I understand why the Japanese are leery of saying that they have an aircraft carrier.

It makes them nervous.

Hell, it makes me nervous.

That being said, this is not a helicopter carrying destroyer.

In the Annals of Troubled Military Programs, This One Takes the Cake

As I have mentioned a number of times that I spent some time working on the recovery and maintenance vehicle for the now-canceled Future Combat Systems (FCS).

Well, no matter how misbegotten, it appears that the program reappears with a different name a few years later.

Case in point is the replacement for the FCS, the Ground Combat Vehicle, GCV, which is different largely in only one area, it no longer needs to fly on a C-130, so the 20 ton maximum weight for shipping has gone by the wayside.

This is not surprising. After all replacing the 30 ton weight class M2/M3 with a vehicle with superior mobility and protection is difficult to do in ⅔ the weight of its predecessor, all while reducing the cost of operation, is a tough nut to crack.

It’s clear that they will be going with a remotely operated turret, and without the space for the gunner and commander and the turret penetration, it makes it rather simple to fix a rather prominent shortcoming of the Bradley, its inability to carry a full 9 soldier infantry squad.

So the Pentagon is are back to square, which means fighting the wheels/tracks war yet again, though it appears that the military is favoring a tracked vehicle.

The advantages of tracks are better off road mobility, better performance in an active city conflict, since it can go over a road block made from cars or trucks, and a wheeled vehicle cannot, and more volumetric efficiency, since the wheel travel is less, and you do not need to accommodate the swept volume of the wheels which pivot to steer.

The disadvantages are operating costs, noise, weight and speed on roads.

That being said, one huge advantage for tracks is that if your infantry fighting vehicle grows into a 70 ton behemoth, wheels just won’t work at all:

The U.S. Army’s chief of staff wants to put the service’s Ground Combat Vehicle program on a diet.

Gen. George Casey said he thinks the future replacement for the Bradley Fighting Vehicle needs to be much lighter than the estimated 70 tons program officials are projecting that the new GCV will weigh.
Related Topics

“I keep saying, ‘Look, man, an MRAP [mine-resistant ambush-protected] is about 23 tons, and you’re telling me this is going to be 70 tons, which is the same as an [M1] Abrams. Surely we can get a level of protection between that, that is closer to the MRAP than it is the M1,’ ” Casey said June 7. “It’s not going to be a super heavyweight vehicle.”

It would also be unaffordable. I would suggest that if the army really needs a better vehicle, that it procures new-build/rebuilt Bradleys, with the crewed turret replaced with something like the CTI tele-operated turret, and with enhanced armor based on the non-homogeneous armor technologies developed for the M-1 Abrams and the original FCS program.

You would still probably end up with less than a 40 ton weight, and you would get the capability you need at a much lower cost.

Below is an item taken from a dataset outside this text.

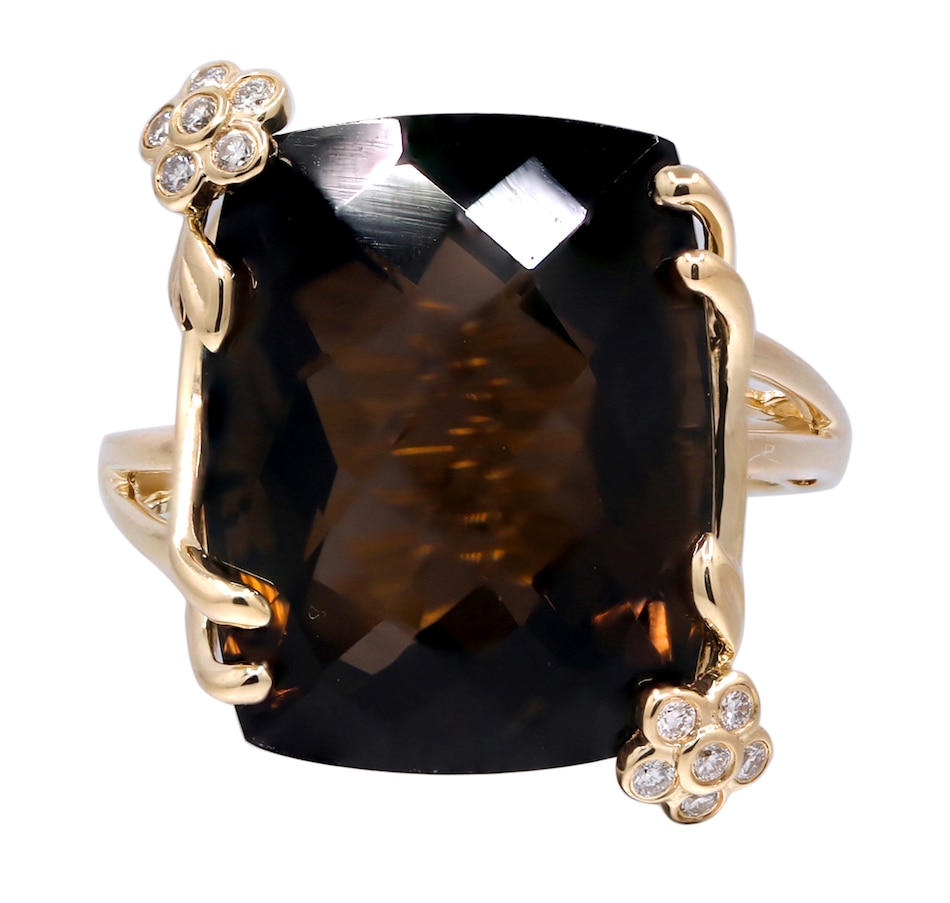 14K Yellow Gold Smokey Quartz and Diamond Ring

Meanwhile in the somewhat less sexy areas of folding in a few drones and an advanced network-based radio called JTRS as part of what is now called the, “Brigade Combat Team Modernization, the House Armed Services Committee is cutting this because of poor performance and cost escalation.

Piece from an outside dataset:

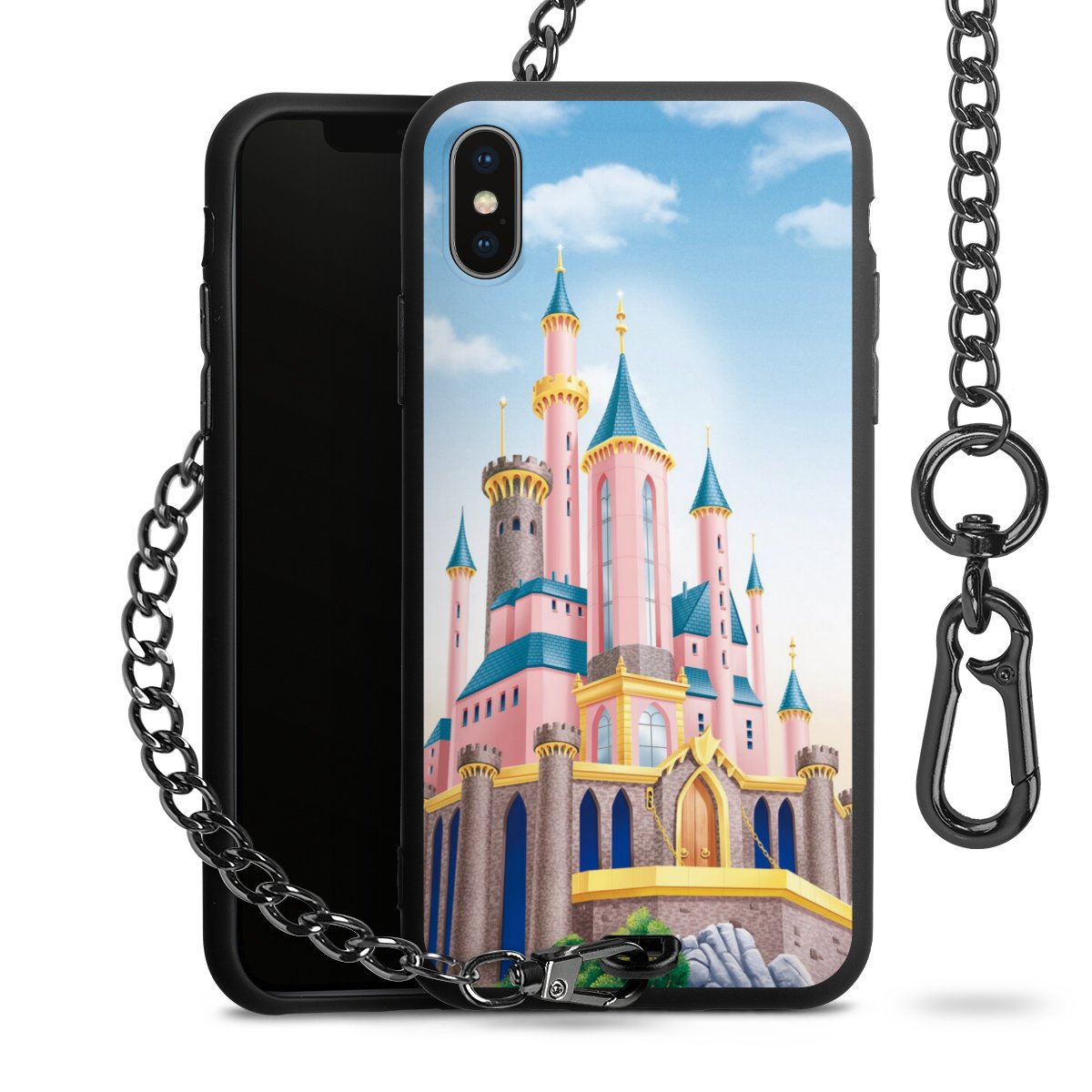 • Mattschwarze Handyhülle mit Metallkette

Once again, it’s over budget, behind schedule, and not performing.

So on the little things, where the Pentagon knows what needs to be done, they are not executing, and on the big programs, they don’t have a clue as to what they want.

Count me in Barney Frank’s and Ron Paul’s corner. We need to slash military spending.

I would also add that we need to somehow or other put adults in charge of the procurement process.